■ **Records to use**
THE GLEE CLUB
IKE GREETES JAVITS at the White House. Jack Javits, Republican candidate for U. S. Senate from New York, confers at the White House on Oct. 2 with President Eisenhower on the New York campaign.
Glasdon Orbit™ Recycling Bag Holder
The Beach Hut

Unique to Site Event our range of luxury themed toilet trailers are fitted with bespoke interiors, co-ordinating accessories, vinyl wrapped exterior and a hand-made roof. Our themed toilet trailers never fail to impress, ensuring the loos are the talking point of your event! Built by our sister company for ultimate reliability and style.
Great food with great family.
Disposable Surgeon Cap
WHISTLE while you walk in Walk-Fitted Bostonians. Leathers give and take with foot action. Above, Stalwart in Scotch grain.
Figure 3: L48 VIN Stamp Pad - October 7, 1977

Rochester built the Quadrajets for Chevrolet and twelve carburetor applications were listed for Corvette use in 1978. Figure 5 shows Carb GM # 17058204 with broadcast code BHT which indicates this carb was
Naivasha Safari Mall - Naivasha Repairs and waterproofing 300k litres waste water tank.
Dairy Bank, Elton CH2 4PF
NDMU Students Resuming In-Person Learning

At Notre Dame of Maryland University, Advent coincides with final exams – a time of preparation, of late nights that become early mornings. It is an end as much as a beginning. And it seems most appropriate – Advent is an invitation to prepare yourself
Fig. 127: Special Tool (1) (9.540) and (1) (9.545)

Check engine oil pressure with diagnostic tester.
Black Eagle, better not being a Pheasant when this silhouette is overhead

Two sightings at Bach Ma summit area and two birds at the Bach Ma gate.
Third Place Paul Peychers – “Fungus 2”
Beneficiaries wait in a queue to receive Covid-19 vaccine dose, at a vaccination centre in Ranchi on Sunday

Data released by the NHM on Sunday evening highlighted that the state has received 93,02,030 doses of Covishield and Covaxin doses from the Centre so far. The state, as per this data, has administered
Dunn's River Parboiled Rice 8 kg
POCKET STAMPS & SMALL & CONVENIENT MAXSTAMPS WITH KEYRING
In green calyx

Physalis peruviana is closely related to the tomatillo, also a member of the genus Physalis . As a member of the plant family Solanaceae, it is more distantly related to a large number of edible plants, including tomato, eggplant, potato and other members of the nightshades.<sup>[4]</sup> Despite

==

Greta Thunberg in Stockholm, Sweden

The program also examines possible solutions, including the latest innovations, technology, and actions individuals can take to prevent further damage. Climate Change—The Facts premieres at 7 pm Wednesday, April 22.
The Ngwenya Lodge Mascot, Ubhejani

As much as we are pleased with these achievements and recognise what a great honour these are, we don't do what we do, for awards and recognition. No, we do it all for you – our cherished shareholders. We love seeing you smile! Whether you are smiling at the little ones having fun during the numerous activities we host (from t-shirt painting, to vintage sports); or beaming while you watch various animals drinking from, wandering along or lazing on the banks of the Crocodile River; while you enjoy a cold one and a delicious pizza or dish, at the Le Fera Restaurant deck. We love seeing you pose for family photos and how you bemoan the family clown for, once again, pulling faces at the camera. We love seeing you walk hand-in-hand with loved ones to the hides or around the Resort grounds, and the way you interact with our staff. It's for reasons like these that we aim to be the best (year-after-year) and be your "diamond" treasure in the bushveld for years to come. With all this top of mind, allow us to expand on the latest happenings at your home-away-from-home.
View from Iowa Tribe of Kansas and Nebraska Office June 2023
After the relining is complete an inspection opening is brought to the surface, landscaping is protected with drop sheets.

■ **Instructions to follow**
Copy, exactly and only, the lines above that begin with the one containing "Data released by" and finish with the one containing "Physalis peruviana is".

■ **Solved exercise**
Data released by the NHM on Sunday evening highlighted that the state has received 93,02,030 doses of Covishield and Covaxin doses from the Centre so far. The state, as per this data, has administered
Dunn's River Parboiled Rice 8 kg
POCKET STAMPS & SMALL & CONVENIENT MAXSTAMPS WITH KEYRING
In green calyx

Physalis peruviana is closely related to the tomatillo, also a member of the genus Physalis . As a member of the plant family Solanaceae, it is more distantly related to a large number of edible plants, including tomato, eggplant, potato and other members of the nightshades.<sup>[4]</sup> Despite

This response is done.